To add an example (2024.1.5)

I was able to create a toy example to reproduce the error.

from datetime import datetime, timedelta
import numpy as np
import pandas as pd
import swifter
import sys, os
#import cudf

def gzpd_apply(my_df00):
    col_df_1 = [x for x in my_df00.index if '_1' in x]
    if my_df00[col_df_1].isnull().sum()>0:
        return np.nan
    if my_df00['time']==my_df00['time_1']:
        my_df00['time_1'] = (datetime.strptime(my_df00['time_1'], '%H:%M:%S')+timedelta(minutes=5)).strftime('%H:%M:%S')
    return my_df00.rename(index=dict({x:x for x in my_df00.index})).transpose() if (my_df00 is not None) else np.nan

def main():
    my_df = pd.DataFrame(data={'YMH': ['2019-01-02', '2018-01-02', '2019-05-02', '2020-01-02', '2021-01-02'], 'name': ['albert', 'alex', 'alice', 'ben', 'bob'], 'time': ['09:00:00', '09:20:00', '08:00:00', '07:00:00', '09:30:00']})
    my_df = pd.concat([my_df for i in range(5)], axis=0)
    my_df['YMH'] = np.random.permutation(my_df['YMH'].values)
    my_df['time'] = np.random.permutation(my_df['time'].values)
    my_df = my_df.sort_values(by=['YMH', 'time', 'name'], inplace=False).reset_index(drop=True,inplace=False)
    my_df = pd.concat([my_df, my_df.shift(1).rename(columns=dict({x:x+'_1' for x in my_df.columns}))],axis=1)
# data generated ------------------------------------------------------
    #df_tmp = my_df.apply(gzpd_apply,axis=1) # !! w/o swifter, the code works fine
    df_tmp = my_df.swifter.apply(gzpd_apply,axis=1) # !! w/ swifter, the code returns error.
# no error below -------------------------------------------------------
    df_tmp = df_tmp.T.dropna().reset_index(drop=True)
    df_tmp = pd.concat([r for r in df_tmp],axis=1).reset_index(drop=True)
    df_tmp = df_tmp.transpose()
    df_tmp.rename(columns=dict({i: my_df.columns[i] for i in range(len(my_df.columns))}), inplace=True)
    pd.set_option('display.max_rows', 500)
    print(df_tmp)

if __name__ == '__main__':
    main()

In the above toy example, if I don't use swifter, the code works fine. When I use swifter, the code returns the aformentioned numba.core.errors. Note that in my original project, the numba error comes regardless of swifter.

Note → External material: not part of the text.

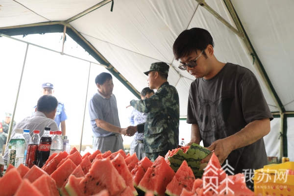 还有一位已经退伍多年的老兵也时刻关注防汛前线的动态。今年68岁的侯国良上世纪70年代曾在南海舰队服过役,对部队有着特别的感情,当天他从自家果园里采摘了新鲜水果特地前来慰问前线战士。他告诉记者:“在水里、在泥里那种感觉我是非常有体会的,因为我也当过兵、也抗过洪。现在的人民子弟兵一心一意为人民、为百姓利益奋战在抗洪第一线,我非常感动。”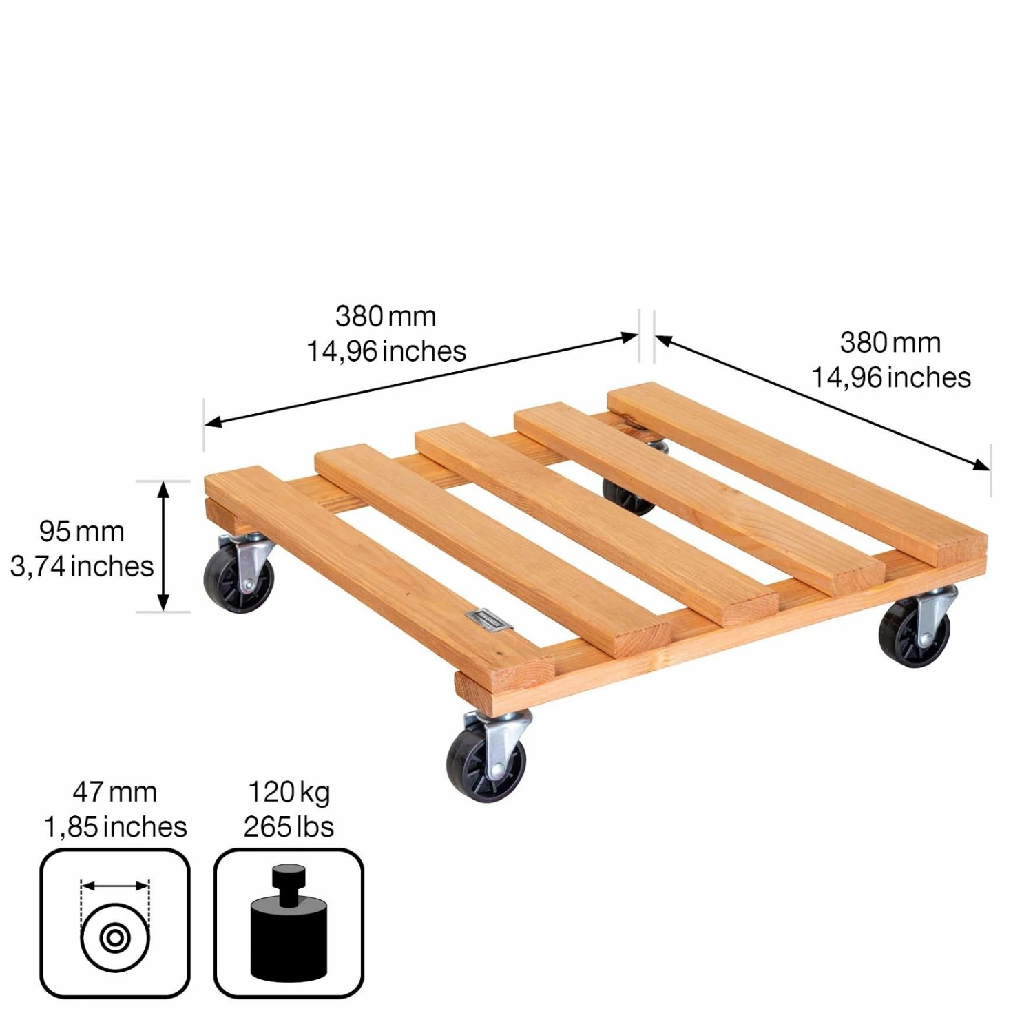 Dieser praktische Pflanzenroller verleiht Ihrer Innen- oder Außenbegrünung ein Plus an Mobilität. Der Multi Roller überzeugt mit einer Tragkraft von bis zu 120 Kilogramm und einer stabilen Oberfläche aus dem FSC®-zertifizierten Kiefernholz. Das Holz ist witterungsbeständig, langlebig und erfordert nahezu keine Pflege.

The above toy example has the following error (the numba error comes in the middle):

Traceback (most recent call last):                                                                                                                                                                                                                                                        File "/usr/local/lib/python3.10/dist-packages/swifter/swifter.py", line 427, in apply
    tmp_df = func(sample, *args, **kwds)
  File "my_cudf.py", line 10, in gzpd_apply
    col_df_1 = [x for x in my_df00.index if '_1' in x]
  File "/usr/local/lib/python3.10/dist-packages/cudf/utils/utils.py", line 242, in __iter__
    raise TypeError(
TypeError: Int64Index object is not iterable. Consider using `.to_arrow()`, `.to_pandas()` or `.values_host` if you wish to iterate over the values.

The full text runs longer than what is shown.